Sunday, July 3, 2016

IMPRESSIVE IMPRINTS: Main Line Mysteries

Sometime in the mid 1940s Lippincott introduced their most successful and long-running mystery imprint after abandoning the "Masked Man" idea. Main Line Mysteries made use of a clever logo showing a train engine with smoke trailing out of the smokestack in the form of a question mark with the logo name in a railroad crossing sign. The design also doubles as a stylized skull and cross bones. The series began about 1943, flourished throughout the 1950s and ended sometime around 1967. Authors included such stalwart mystery icons as William Irish, Edmund Crispin, Frances & Richard Lockridge and Patricia Wentworth.

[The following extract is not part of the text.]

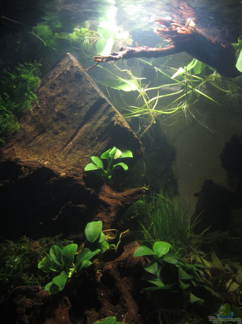 Eingeklebte Terasse aus Plexiglas mit Lavasteinen beklebt. Algenbälle aufgerollt mit Saugnäpfen an der Beckenrückwand befestigt. Holz-Seitenteile, gebeizt als Sichtblende Mangrovenholz an die Rückwand silikoniert und bepflanzt

They also signed on lesser known writers with fairly long careers such as Paul Whelton and his private eye series featuring Garry Dean and Stewart Sterling who created one of the first arson investigator detectives, Fire Marshall Ben Pedley.

As a publisher that began with nursing textbooks it should come as no surprise that the editors were drawn to medical mysteries and detective novels with hospital settings. I found a slew of them in my research and added a few of the DJs from those books to the assortment below. Can't be a coincidence, IMO.

After-Dinner Story (1944)
Darkness of Slumber (1944)

Deadline at Dawn (1944)
Call the Lady Indiscreet (1946)

The Dancing Detective (1946)
Rx for Murder (1946)

Angels Are Painted Fair (1947)
The Main Line Mysteries logo appeared on the DJ spine panel, spine of book, and the title page

Blood Is a Beggar (1946)
Where There's Smoke (1946)
Dead and Dumb (1947)
published in the UK under its better known title: Swan Song
Dead Wrong (1947)
Dead Man Blues (1948)
Diagnosis: Homicide (1950)
An Edgar Award winner for Best Short Story
The Ivory Dagger (1951)
Ladies' Bane (1952)

Death and the Gentle Bull (1954)

Live Bait for Murder (1955)
Murder Is Insane (1956)
The Cactus Shroud (1957)
Death Paints a Portrait (1958)
Clues for Dr. Coffee (1964)
Murder Can't Wait (1964)

5 comments:

  1. Excellent. Can I assume MurdeI Is Insane has some connection to an insane asylum?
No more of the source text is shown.